Stephen proclamó: «Hace años que mantengo una profunda relación con la familia Potter. Resulta que sé dónde está la madre biológica de Chris y Wade. Aunque Wade pueda estar fuera de nuestro alcance, eso no significa que esta mujer no pueda llegar hasta él. Si la encontramos, ¿no encontraremos también a Wade?».
Joelle reprimió la oleada de euforia que la recorría, intentando mantener un aire de serenidad serena.
«¿La madre biológica de Chris y Wade? Tenía la impresión de que había muerto. Y la actual señora Potter es su madrastra».
Stephen hizo un gesto desdeñoso, dando un sorbo tranquilo al café.
«No ha fallecido, sino que es una persona que la familia Potter prefiere pasar por alto. La han ocultado a la opinión pública. Incluso después de dar a luz a dos hijos, permaneció en el ostracismo más absoluto de la familia Potter».
No era de extrañar que Wade contemplara la posibilidad de fabricar la muerte de Chris; sin duda, tal idea estaba inspirada por las maquinaciones de su familia. Desde la desaparición de Ryland, era la primera vez que Joelle sentía una inexplicable sensación de cercanía hacia él. Cualquier noticia relacionada con Wade parecía forjar una conexión más profunda entre ella y Ryland.
«Sr. Finch, Ryland es mi hijo.

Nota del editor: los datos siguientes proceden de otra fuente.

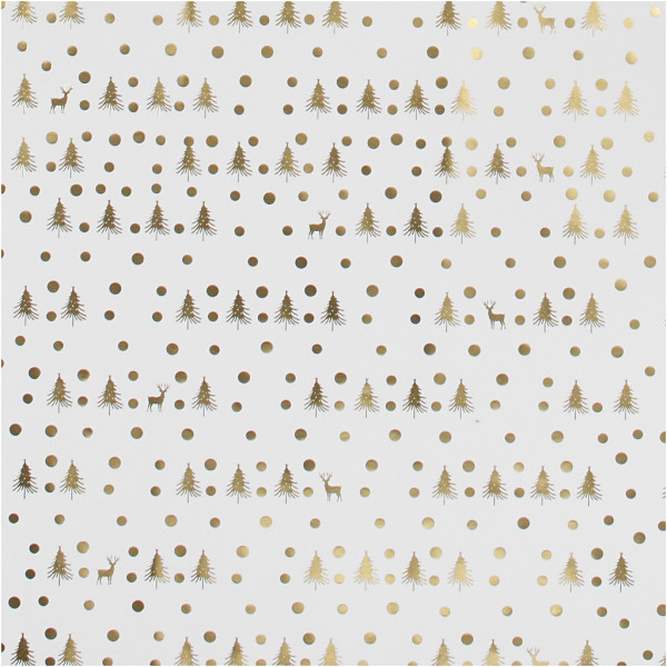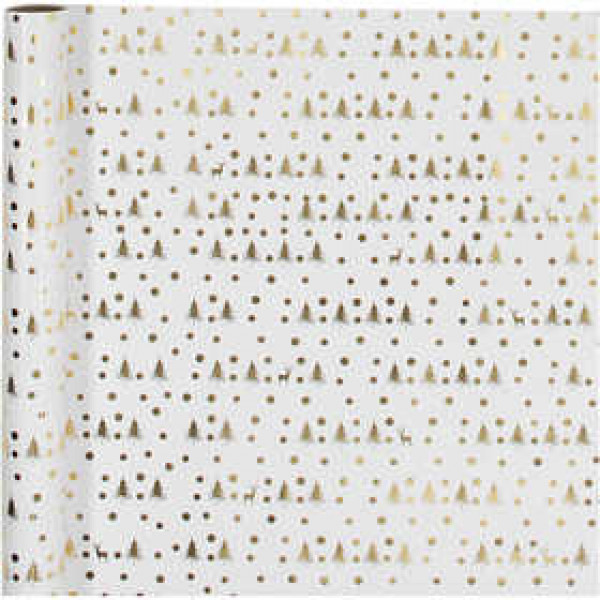 Cadeaupapier, b: 57 cm,  80 gr, wit, goud, kerstboom met rendier, 75m [HOB-19046]
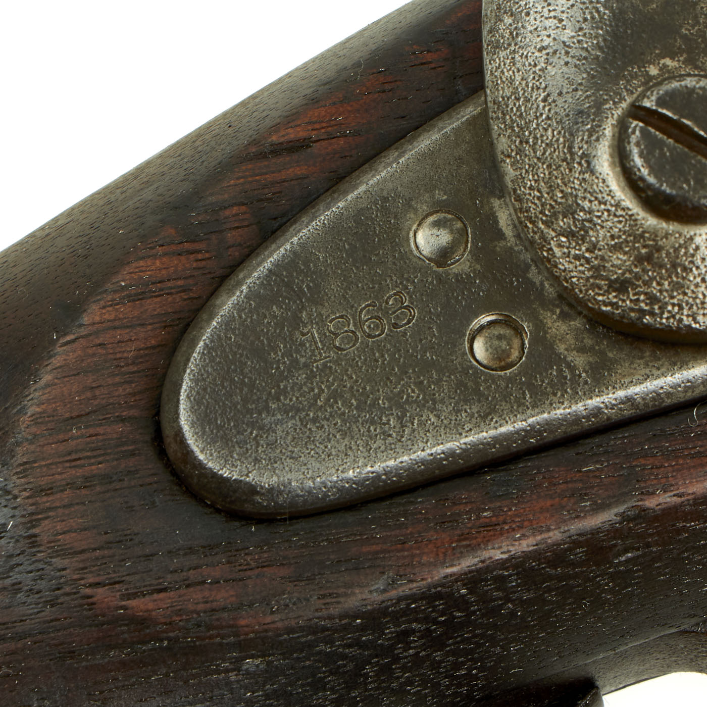 This patinated example however was not converted, and is still in the original configuration. It looks to have been put away after the Civil war, and was only recently discovered and brought into the light. Aside from some light cleaning and a wipe down, we have left it as found, preserving the fantastic patina of age. It is dated 1863 on the lock plate tail, and also has an Eagle stamped into the lock over U.S., and to the right of that PARKERS ' SNOW & CO. / MERIDEN, CONN. The markings on the lock plate are somewhat faint due to past rust peppering. Information regarding these rifles indicate that 1863 dated locks were part of a James Mulholland contract for 5,502. The nocks form has traces of the proof marks V / P / Eagle's Head, but they are quite faint due to powder burn and cleaning.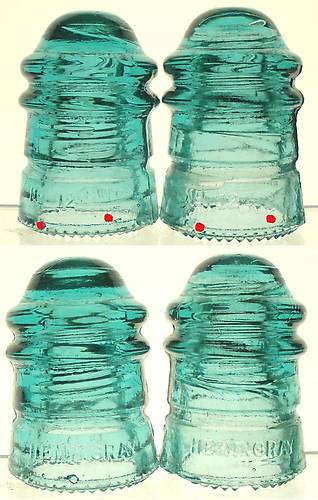 Pair of stamp embossed No 12's from the same mould found in different places. Both have the I & N and the A & Y in Hemingray joined together as one and on the rear skirt base,2 mould repair blots/dots, 1 below the O in No and one to the right of it about an inch. Both dots are in the exact same spot and I have hilighted them in red. Insulator on the right has 5 drips flush removed and 6 drips partially flaked and halved and a tiny micro flakelet plus several dometop pin pricks.LH insulator has 3 drip halved,3 drips halved with a small crack(NGM) and several drip tips nipped. On the WG there's 1 tiny micro flakelet and a few dometop pin pricks. The pair for $7.50 + shipping. |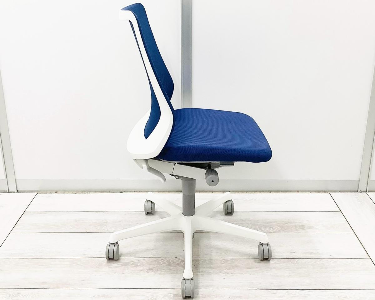 【2023年製の状態良好品!】【腰まわりをしっかりホールド!長時間作業も快適フィット!】■オカムラ(okamura)製 フルーエントチェア(Fluent) ローバック 背面メッシュ ■ミディアムブルー ×ホワイトシェル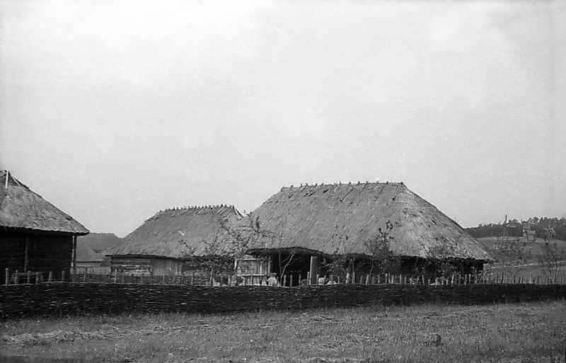 1977 р. Загальний вигляд (ліворуч – фрагмент хліву, правіше – гумно 4)Розмір зображення: 800:513 піксел 1977 р. 16 червня. Фото М.І.Жарких. Негатека, № A308-37. |
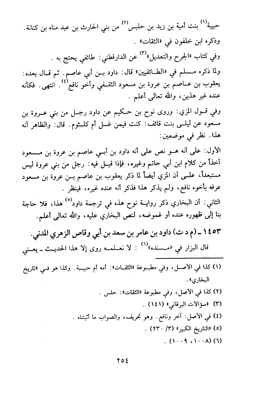 الأول: على أنه هو نص على أنه داود بن أبي عاصم بن عروة بن مسعود أخذا من كلام ابن أبي حاتم وغيره، فإذا قيل فيه: رجل من بني عروة ليس مستبعدا، على أن المزي أيضا لما ذكر يعقوب بن عاصم بن عروة بن مسعود عرفه بأخوه نافع، ولم يذكر هذا فذكر أنه عنده غيره، فينظر.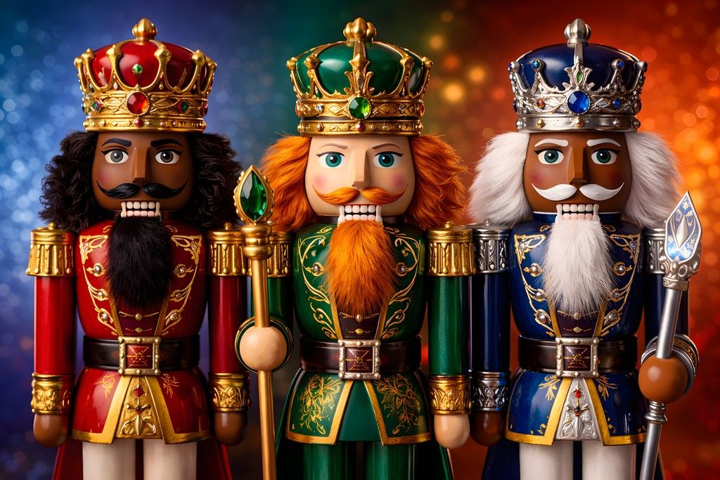 A colorful, close-up illustration of three ornate nutcracker king figures standing side by side. Each has a jeweled crown, a painted face with a prominent mustache and beard, and a richly decorated uniform with gold trim and engraved details. The figures wear distinct color themes—red, green, and blue—and hold ceremonial staffs or scepters with gem-like ornaments. The background is a softly blurred bokeh gradient with warm and cool tones, giving the scene a festive, holiday display feel.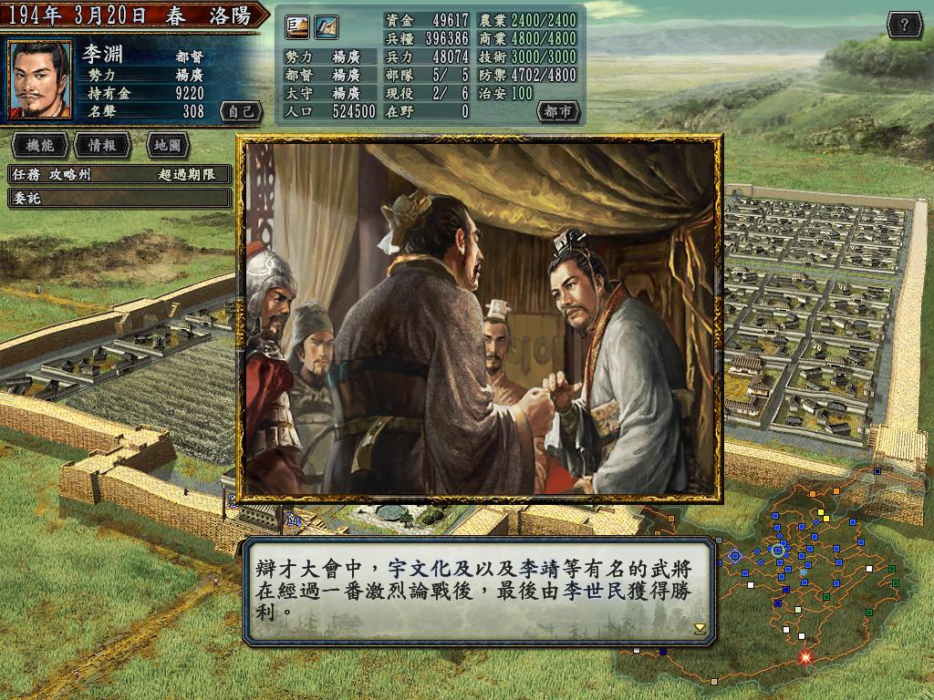 这是李渊大军第一次出兵,军容强盛,左首是长子李世民并大将殷开山、右首是次子李元霸并大将马三保,李渊居于中军,但见大军盔明甲亮,气势迫人。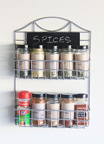 - Title : Wall Mounted 2-tier Rack with Chalkboard - Kitchen, Spices, Crafts Storage Organizer Basket Shelf

Por favor, ayúdeme a encontrarlo», imploró.
Stephen permaneció imperturbable, sus ojos brillaban con la astucia propia de un empresario experimentado.
«Joelle, comprendo tus emociones. Sin embargo, debo implorarte que también me ayudes. Mila es mi única nieta, y alberga sentimientos por Adrian. Entonces, ¿podrías plantearte dejar a Adrian?».
Los dedos de Joelle se apretaron en torno al anillo de compromiso que Adrian le había regalado la noche anterior, y ahora se veía obligada a enfrentarse a una decisión agonizante.
«Aunque deje a Adrian, él no estará con Mila».
«Eso no es asunto tuyo».
Joelle se incorporó lentamente, dándose cuenta de que Stephen estaba utilizando a Ryland como moneda de cambio, negociando con ella como un astuto hombre de negocios.
«¿De verdad crees que haces esto por el bien de Mila?».
Stephen, que había capeado innumerables tormentas, podía discernir fácilmente el intento de Joelle de influir en él apelando tanto a la razón como a la emoción. «A mi edad, ya no me preocupa el futuro. Mientras respire, conseguiré lo que mi nieta desee».
«¿Incluso si se trata de una persona?